Join a leading technology-driven gaming company as a Senior Data Scientist and build production-grade machine learning models that power data-driven automation and personalized customer experiences for millions of users globally.

This is a senior-level position seeking experienced data scientists who can own the complete ML lifecycle from research through production deployment. We're specifically looking for candidates from product companies who understand what it means to build models that don't just work in notebooks but deliver real business value in production environments serving millions of users with high availability and performance requirements.

The role combines strong machine learning expertise with software engineering best practices - you'll translate business requirements into ML problems, perform exploratory data analysis and feature engineering, run comparative experiments for model training, and implement best practices on model selection and parameter tuning. Working within cross-functional teams that include data scientists, ML engineers, and data engineers, you'll have the full skillset available to deliver end-to-end projects in an Agile/Scrum environment.

PROJECT & CONTEXT

You'll be working within a machine learning team dedicated to making data-driven decisions that automate services while focusing on delivering tailored customer experiences. The team builds a variety of models - from binary classification tasks and regression problems to sophisticated recommendation systems - covering a wide range of business sectors, utilizing different data types, and handling broad project diversity across the gaming platform.

The work environment emphasizes transforming business needs into production applications rather than just academic research or proof-of-concepts.
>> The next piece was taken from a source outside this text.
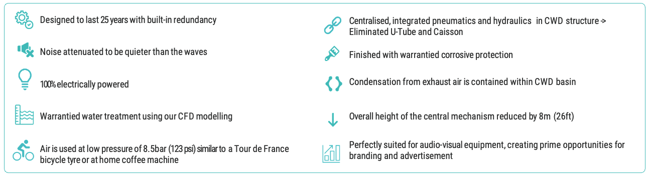 The largest stroke height (distance the plunger moves up and down to create waves) reached in the prototype was 4.8m. The commercial machine has been upgraded to a maximum stroke height of 5.5m, unlocking 20% of additional power that will set new standards.

You'll work with real-world constraints around latency, scalability, data quality, and business impact, requiring pragmatic approaches that balance model sophistication with operational requirements. This end-to-end ownership - from understanding business problems through deploying and monitoring production models - is central to the role.

Your technical responsibilities span the complete data science workflow. You'll translate business requirements into well-defined machine learning problems, identifying the right problem formulation (classification, regression, ranking, etc.) and success metrics. Exploratory Data Analysis (EDA) and feature engineering form a significant part of your work - understanding data distributions, identifying patterns, handling missing values, creating meaningful features, and preparing datasets that enable effective model training.

Experimentation and model development require running comparative experiments across different algorithms and approaches, implementing rigorous evaluation methodologies to ensure models generalize well, applying best practices in model selection based on problem characteristics and constraints, and conducting systematic parameter tuning to optimize performance. You'll work extensively with the Python machine learning ecosystem including scikit-learn, pandas, NumPy, and various specialized libraries.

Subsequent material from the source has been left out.